**SUPPLIED RECORDS**
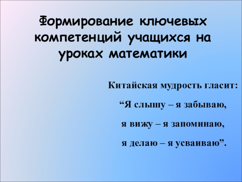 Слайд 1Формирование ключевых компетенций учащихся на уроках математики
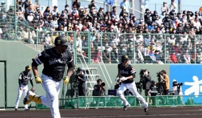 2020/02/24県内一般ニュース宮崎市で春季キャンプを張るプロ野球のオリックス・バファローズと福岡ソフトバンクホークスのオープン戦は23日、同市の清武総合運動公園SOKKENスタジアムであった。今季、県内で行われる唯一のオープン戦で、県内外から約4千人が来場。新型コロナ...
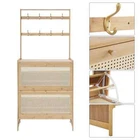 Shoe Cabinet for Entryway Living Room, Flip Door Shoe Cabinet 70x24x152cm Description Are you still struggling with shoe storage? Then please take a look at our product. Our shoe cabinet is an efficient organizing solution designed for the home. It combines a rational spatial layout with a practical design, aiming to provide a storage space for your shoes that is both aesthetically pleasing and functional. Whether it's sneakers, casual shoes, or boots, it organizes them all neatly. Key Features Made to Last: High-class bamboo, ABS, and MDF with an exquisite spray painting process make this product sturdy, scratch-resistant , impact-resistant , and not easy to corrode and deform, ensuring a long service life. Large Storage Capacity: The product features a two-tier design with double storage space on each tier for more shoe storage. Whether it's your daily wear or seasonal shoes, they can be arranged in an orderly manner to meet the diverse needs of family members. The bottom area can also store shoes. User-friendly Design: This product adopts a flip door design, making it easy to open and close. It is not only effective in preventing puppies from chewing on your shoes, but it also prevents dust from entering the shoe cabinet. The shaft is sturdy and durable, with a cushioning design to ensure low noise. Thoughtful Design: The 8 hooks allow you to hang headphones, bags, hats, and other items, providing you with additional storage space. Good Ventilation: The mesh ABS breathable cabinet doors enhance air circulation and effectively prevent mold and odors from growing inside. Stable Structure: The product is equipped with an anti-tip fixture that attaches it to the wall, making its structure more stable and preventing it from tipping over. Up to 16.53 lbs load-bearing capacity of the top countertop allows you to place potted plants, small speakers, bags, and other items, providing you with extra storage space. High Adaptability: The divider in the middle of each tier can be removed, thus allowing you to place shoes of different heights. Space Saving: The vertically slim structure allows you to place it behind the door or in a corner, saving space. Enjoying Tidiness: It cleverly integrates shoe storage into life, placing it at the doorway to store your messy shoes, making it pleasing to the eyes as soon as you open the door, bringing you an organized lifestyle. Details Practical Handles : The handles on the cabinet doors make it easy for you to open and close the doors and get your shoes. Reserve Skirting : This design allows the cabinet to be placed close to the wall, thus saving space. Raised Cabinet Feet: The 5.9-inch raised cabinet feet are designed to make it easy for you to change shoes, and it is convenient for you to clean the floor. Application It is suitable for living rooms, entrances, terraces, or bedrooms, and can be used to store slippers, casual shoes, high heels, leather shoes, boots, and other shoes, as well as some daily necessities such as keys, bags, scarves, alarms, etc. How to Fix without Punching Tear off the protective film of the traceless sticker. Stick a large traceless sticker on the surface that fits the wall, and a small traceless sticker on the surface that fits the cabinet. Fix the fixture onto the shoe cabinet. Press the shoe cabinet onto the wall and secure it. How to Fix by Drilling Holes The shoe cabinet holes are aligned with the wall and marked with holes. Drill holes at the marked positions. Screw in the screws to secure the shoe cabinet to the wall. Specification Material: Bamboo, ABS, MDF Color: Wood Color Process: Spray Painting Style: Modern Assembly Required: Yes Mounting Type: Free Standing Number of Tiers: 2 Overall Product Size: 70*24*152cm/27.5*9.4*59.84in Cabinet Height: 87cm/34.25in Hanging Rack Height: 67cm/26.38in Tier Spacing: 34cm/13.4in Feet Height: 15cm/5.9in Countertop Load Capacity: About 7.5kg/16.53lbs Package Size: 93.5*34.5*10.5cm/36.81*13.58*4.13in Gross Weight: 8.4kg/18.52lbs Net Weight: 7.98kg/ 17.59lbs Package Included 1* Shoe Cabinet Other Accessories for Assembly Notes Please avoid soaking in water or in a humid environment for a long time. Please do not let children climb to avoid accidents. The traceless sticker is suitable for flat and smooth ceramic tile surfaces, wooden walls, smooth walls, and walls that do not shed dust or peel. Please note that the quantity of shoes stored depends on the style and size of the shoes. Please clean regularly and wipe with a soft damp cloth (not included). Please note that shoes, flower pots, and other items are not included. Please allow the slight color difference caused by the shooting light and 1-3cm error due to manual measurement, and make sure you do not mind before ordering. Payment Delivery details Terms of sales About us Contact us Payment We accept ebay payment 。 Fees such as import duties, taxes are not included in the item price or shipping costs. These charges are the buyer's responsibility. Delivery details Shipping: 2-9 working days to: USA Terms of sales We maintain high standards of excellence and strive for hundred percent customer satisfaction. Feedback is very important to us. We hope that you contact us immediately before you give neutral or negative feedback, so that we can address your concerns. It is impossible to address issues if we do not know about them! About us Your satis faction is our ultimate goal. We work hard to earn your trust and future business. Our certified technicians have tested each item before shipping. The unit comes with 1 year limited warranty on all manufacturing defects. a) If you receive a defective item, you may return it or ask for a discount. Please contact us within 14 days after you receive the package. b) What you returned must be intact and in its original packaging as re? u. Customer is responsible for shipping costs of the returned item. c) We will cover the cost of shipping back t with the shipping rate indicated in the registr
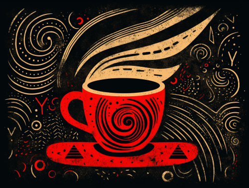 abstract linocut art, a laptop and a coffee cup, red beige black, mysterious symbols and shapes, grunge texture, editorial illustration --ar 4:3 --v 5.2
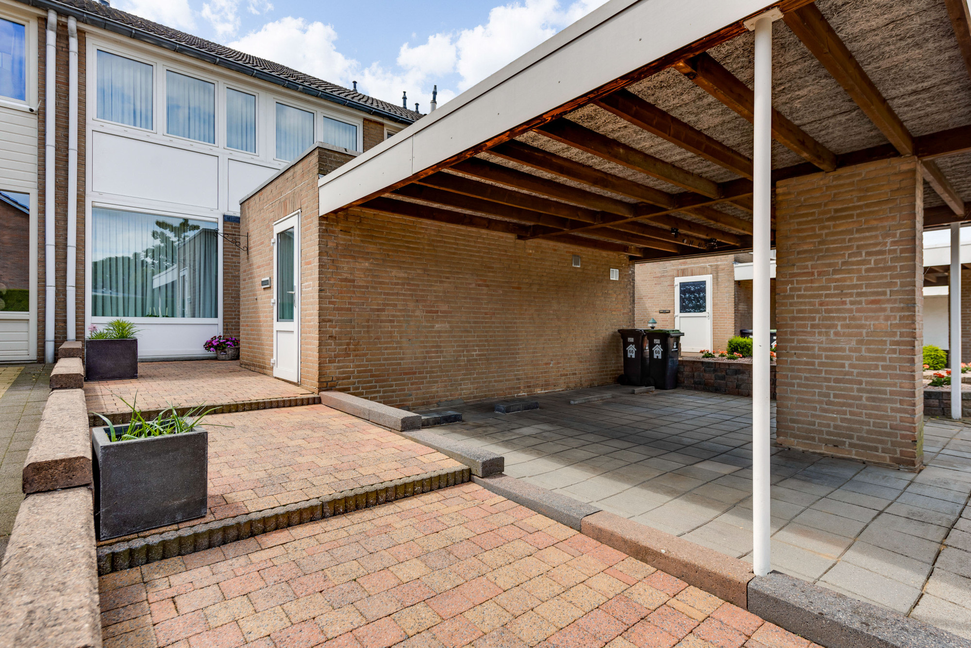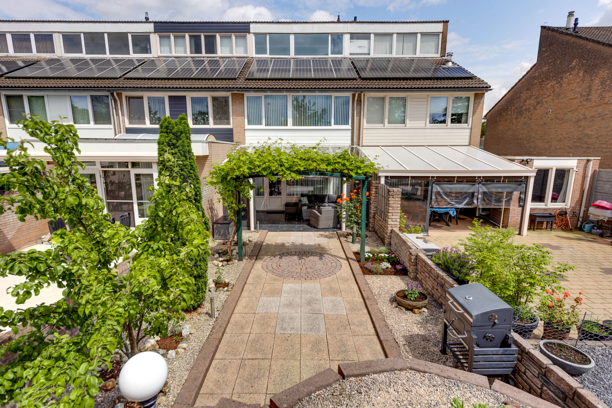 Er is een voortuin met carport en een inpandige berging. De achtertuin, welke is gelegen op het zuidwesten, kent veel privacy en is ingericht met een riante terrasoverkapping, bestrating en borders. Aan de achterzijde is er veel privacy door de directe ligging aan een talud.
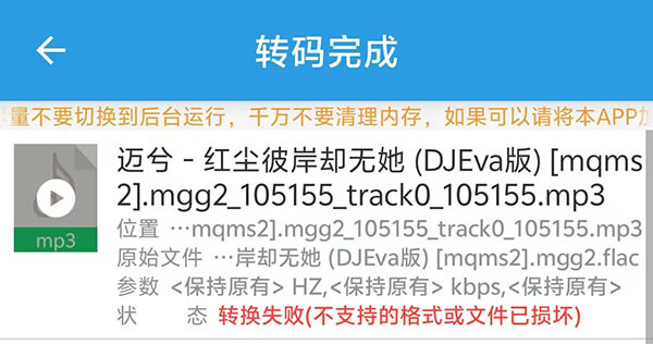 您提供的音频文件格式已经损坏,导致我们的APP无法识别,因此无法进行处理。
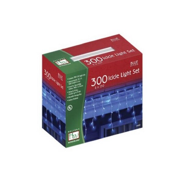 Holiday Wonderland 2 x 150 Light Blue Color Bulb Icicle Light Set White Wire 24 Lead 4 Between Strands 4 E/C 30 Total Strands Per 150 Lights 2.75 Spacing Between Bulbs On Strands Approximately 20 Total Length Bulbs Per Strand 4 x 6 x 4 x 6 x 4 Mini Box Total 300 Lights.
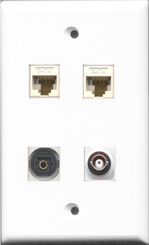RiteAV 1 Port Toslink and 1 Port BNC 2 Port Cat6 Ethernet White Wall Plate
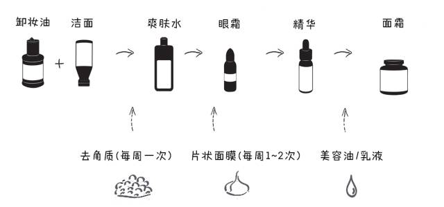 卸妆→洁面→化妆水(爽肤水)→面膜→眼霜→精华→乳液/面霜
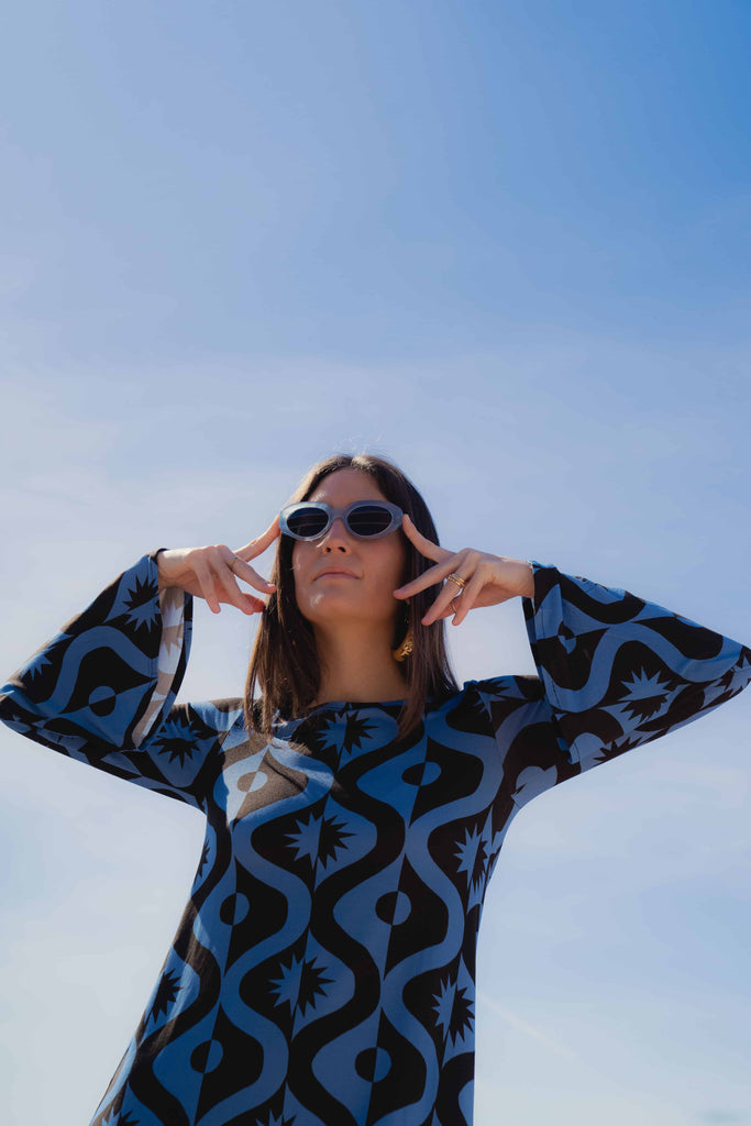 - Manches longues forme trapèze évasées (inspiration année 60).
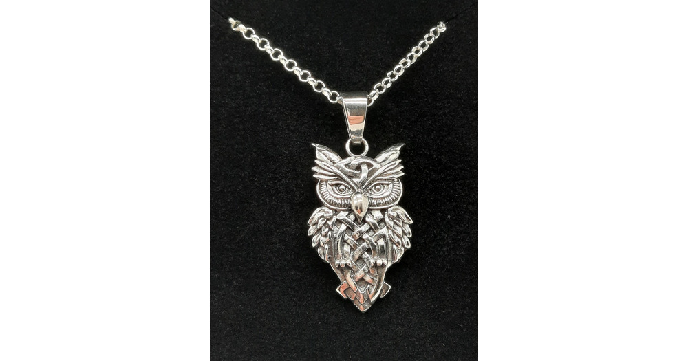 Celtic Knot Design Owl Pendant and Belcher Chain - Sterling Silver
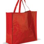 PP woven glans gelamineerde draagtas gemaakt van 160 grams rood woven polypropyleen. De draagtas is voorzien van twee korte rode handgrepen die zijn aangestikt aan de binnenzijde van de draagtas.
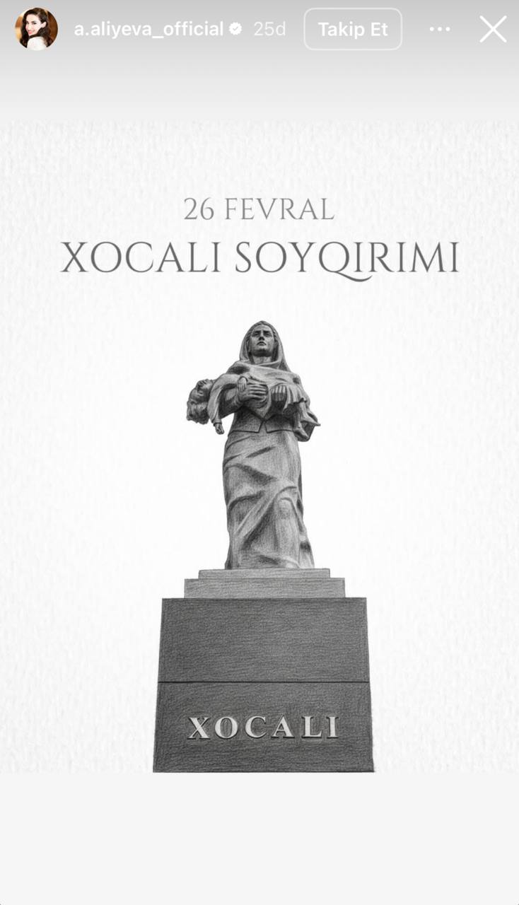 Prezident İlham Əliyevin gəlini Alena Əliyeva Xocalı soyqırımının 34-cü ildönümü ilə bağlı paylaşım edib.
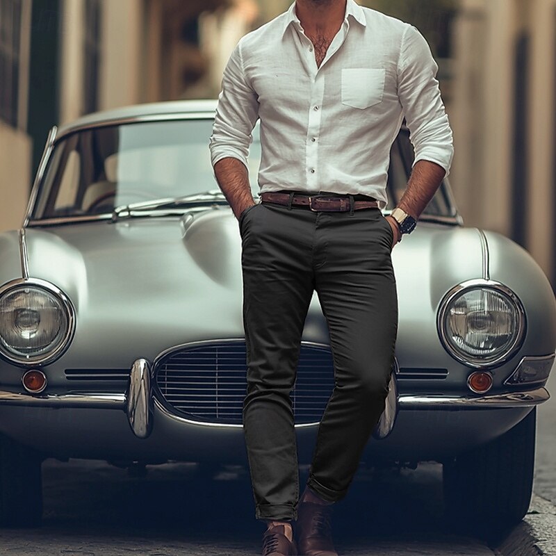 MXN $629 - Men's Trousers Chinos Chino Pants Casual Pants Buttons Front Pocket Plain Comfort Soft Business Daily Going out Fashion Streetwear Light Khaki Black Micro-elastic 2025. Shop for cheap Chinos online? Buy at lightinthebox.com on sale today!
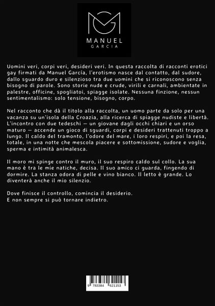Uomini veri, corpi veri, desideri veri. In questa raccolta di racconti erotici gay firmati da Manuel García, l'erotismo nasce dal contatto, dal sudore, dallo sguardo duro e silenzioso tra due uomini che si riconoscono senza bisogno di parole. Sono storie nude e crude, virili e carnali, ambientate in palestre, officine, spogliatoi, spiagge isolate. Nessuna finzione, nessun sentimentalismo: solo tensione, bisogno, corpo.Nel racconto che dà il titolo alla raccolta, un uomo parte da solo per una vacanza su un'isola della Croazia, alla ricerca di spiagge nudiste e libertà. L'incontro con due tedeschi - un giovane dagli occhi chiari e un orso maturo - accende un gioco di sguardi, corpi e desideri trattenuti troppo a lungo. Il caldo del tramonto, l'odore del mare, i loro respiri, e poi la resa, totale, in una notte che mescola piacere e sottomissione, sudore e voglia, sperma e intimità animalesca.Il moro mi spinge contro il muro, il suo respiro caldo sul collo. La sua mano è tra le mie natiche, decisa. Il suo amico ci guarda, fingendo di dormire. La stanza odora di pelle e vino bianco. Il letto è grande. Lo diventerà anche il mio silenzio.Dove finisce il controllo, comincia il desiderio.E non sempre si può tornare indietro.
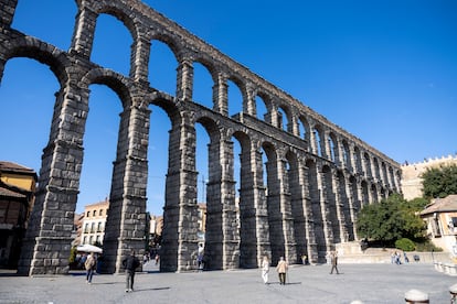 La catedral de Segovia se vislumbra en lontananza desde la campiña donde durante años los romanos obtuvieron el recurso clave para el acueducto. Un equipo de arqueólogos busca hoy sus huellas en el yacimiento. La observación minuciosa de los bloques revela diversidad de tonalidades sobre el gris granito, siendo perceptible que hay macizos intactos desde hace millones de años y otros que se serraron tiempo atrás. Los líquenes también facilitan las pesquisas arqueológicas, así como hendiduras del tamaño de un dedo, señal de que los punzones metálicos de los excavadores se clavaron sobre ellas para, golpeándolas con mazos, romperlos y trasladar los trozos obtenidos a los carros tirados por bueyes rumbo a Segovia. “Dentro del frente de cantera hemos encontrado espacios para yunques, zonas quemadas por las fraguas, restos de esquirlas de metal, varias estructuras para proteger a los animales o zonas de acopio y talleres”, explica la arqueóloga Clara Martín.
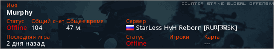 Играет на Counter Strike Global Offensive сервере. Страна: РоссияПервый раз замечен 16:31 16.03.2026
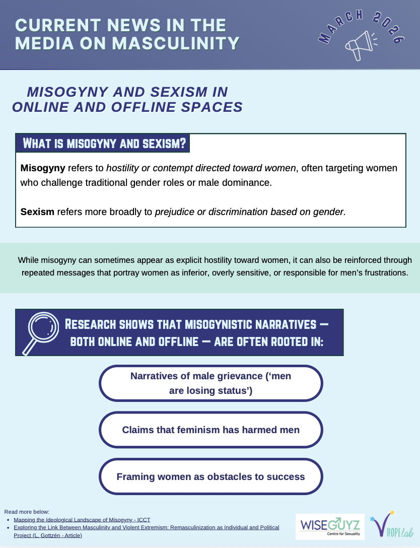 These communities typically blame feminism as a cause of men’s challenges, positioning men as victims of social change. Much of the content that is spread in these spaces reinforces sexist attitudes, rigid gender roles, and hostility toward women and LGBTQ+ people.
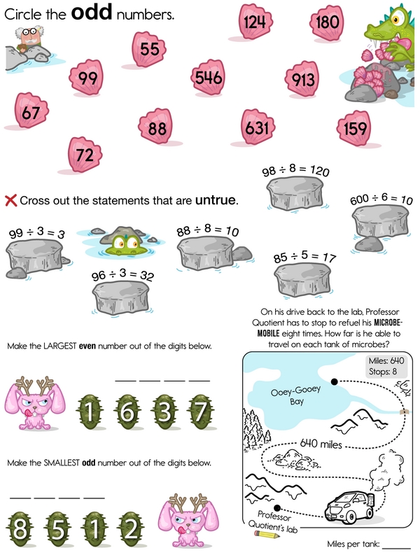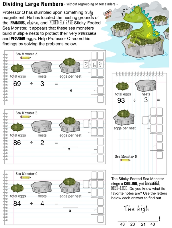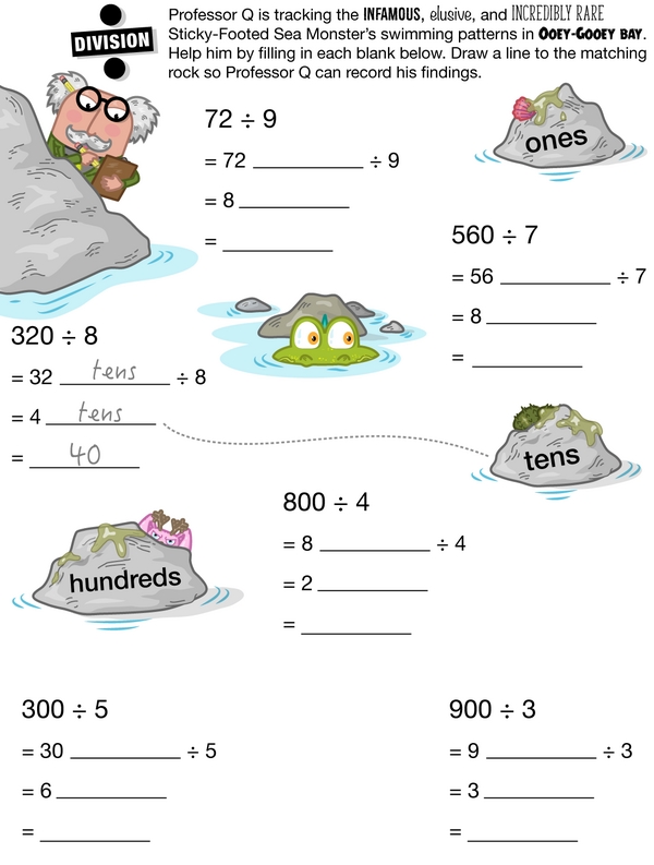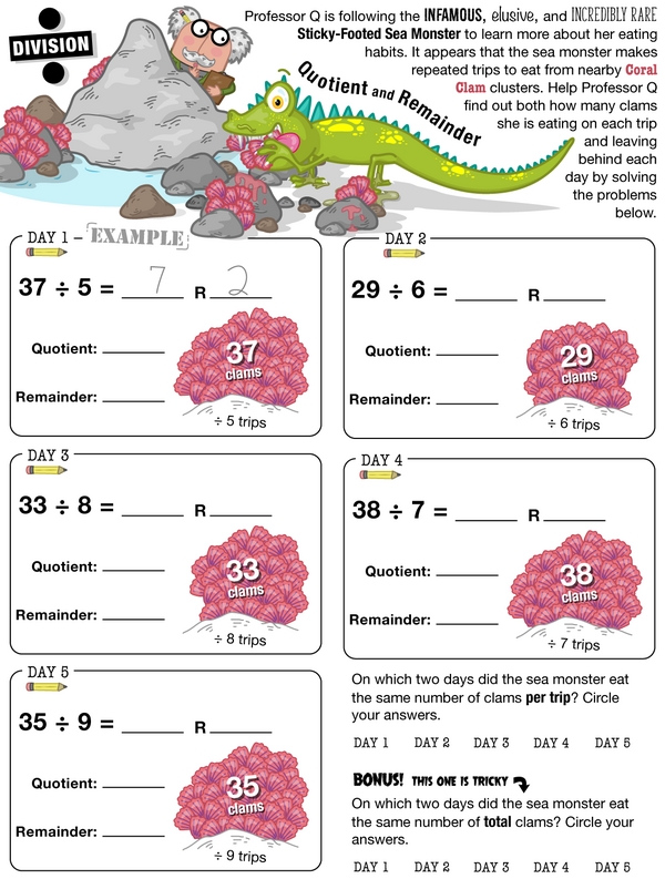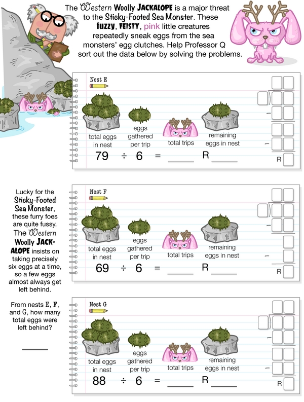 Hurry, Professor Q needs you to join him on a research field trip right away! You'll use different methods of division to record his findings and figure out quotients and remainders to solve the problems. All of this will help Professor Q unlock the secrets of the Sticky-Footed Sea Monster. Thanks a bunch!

**EXERCISE PROMPT**
Each line from the first line of the entries through the line containing "2020/02/24県内一般" should be duplicated word for word, and nothing more; the pictures stay out.

**EXERCISE OUTPUT**
 Слайд 1Формирование ключевых компетенций учащихся на уроках математики
 2020/02/24県内一般ニュース宮崎市で春季キャンプを張るプロ野球のオリックス・バファローズと福岡ソフトバンクホークスのオープン戦は23日、同市の清武総合運動公園SOKKENスタジアムであった。今季、県内で行われる唯一のオープン戦で、県内外から約4千人が来場。新型コロナ...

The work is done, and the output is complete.